3400 BCE: 5 Elul
God promises Jews a piece of land with no natural resources aside from eternal strife, because he’s just fucking hilarious like that.
74 CE: 14 Tevet
Emporer Hadrianus tells the Jews they can return to Jerusalem and rebuild their temple, then says, you know what, screw it, just kidding, and has a real shit-eating laugh about the whole thing.
1408: 7 Tammuz
Someone decides gefilte fish is “Jewish food.”
1612: 12 Av
Applesauce vs. Sour Cream War begins. Thousands eventually perish.
1789: 7 Heshvan
God decrees all Jews must dress like Polish noblemen or face eternal damnation.
1864: 28 Sivan
Death of some rabbi probably. Not really sure, to be honest. Just feels like it’s been a while since a fast day was declared.
1926: 4 Adar
Those pointy black satin skullcaps are declared the official skullcap for people who never wear skullcaps.
1974: 3 Heshvan
Babka futures plummet.
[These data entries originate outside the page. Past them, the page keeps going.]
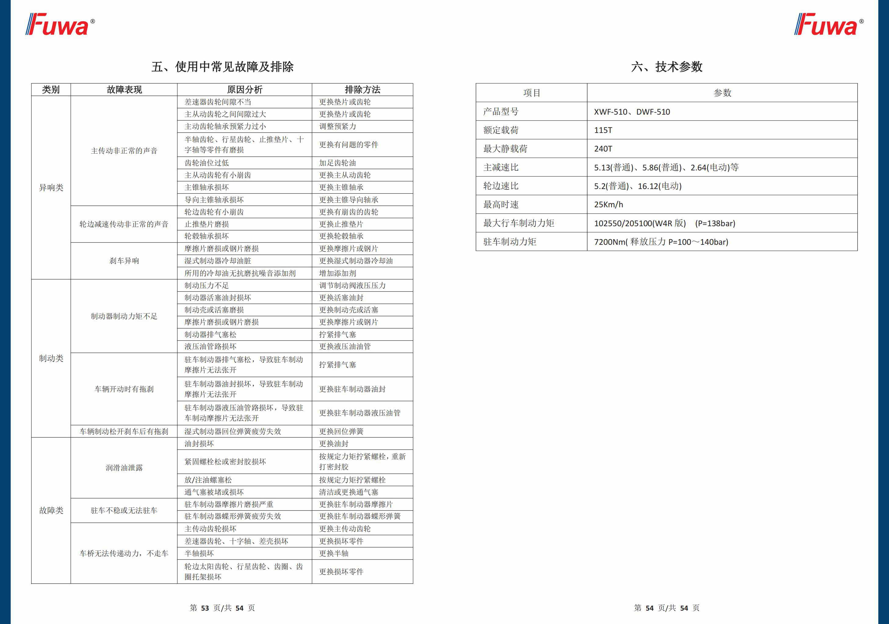 (正面吊)XWF-510 115噸濕式驅(qū)動橋總成產(chǎn)品維護(hù)保養(yǎng)手冊
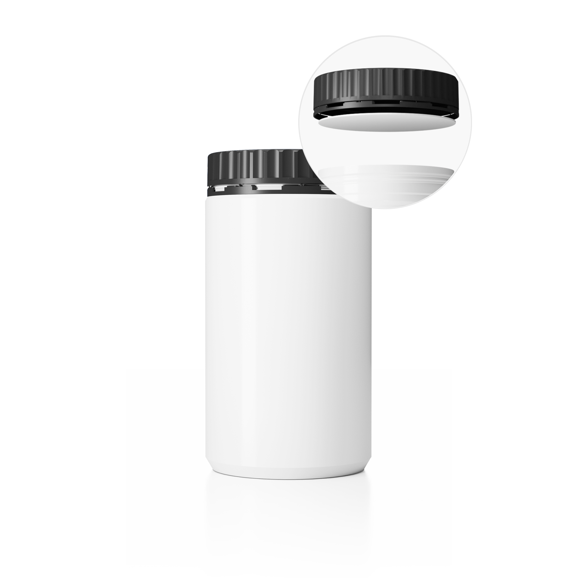 Dóza DL-M 94/91_1000 a Uzávěr DL-MZ ø 91 mm vč.těsnění Plastová dóza HDPE, objem 1000ml, barva dózy bílá a barva uzávěru černé
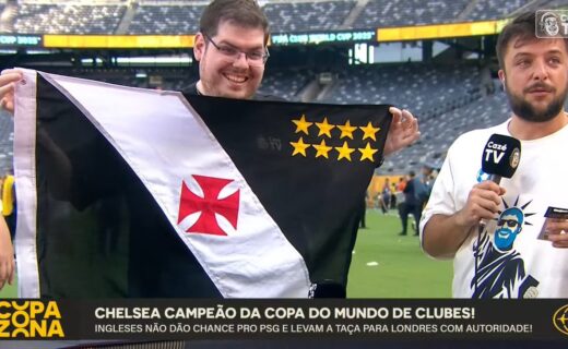 Casimiro Miguel, proprietário da CazéTV, ostenta a bandeira do Vasco no estádio que acolheu a final da Copa do Mundo de Clubes. domingo, 13/07/2025 às 23:55 — Em Últimas notícias

Investors lose millions.
1985: 26 Iyar
Parking fines in Jerusalem double.
1990: 17 Tishrei
2 Live Jews is formed.
1996: 15 Nisan
Traffic on the turnpike is so bad that your father misses half the Passover Seder but doesn’t bother calling even though he has one of those car phones and I spend all of Dayenu and the ten plagues thinking he’s probably sleeping with his secretary.
1999: 13 Tammuz
You get aroused after spying a Star of David pendant in your aunt’s cleavage at your cousin’s bar mitzvah and your sister notices, scarring you for life anytime you see the Israeli flag.
2017: 9 Shvat
People the world over learn to say the “ch” sound, taking away the last goddamn thing we had.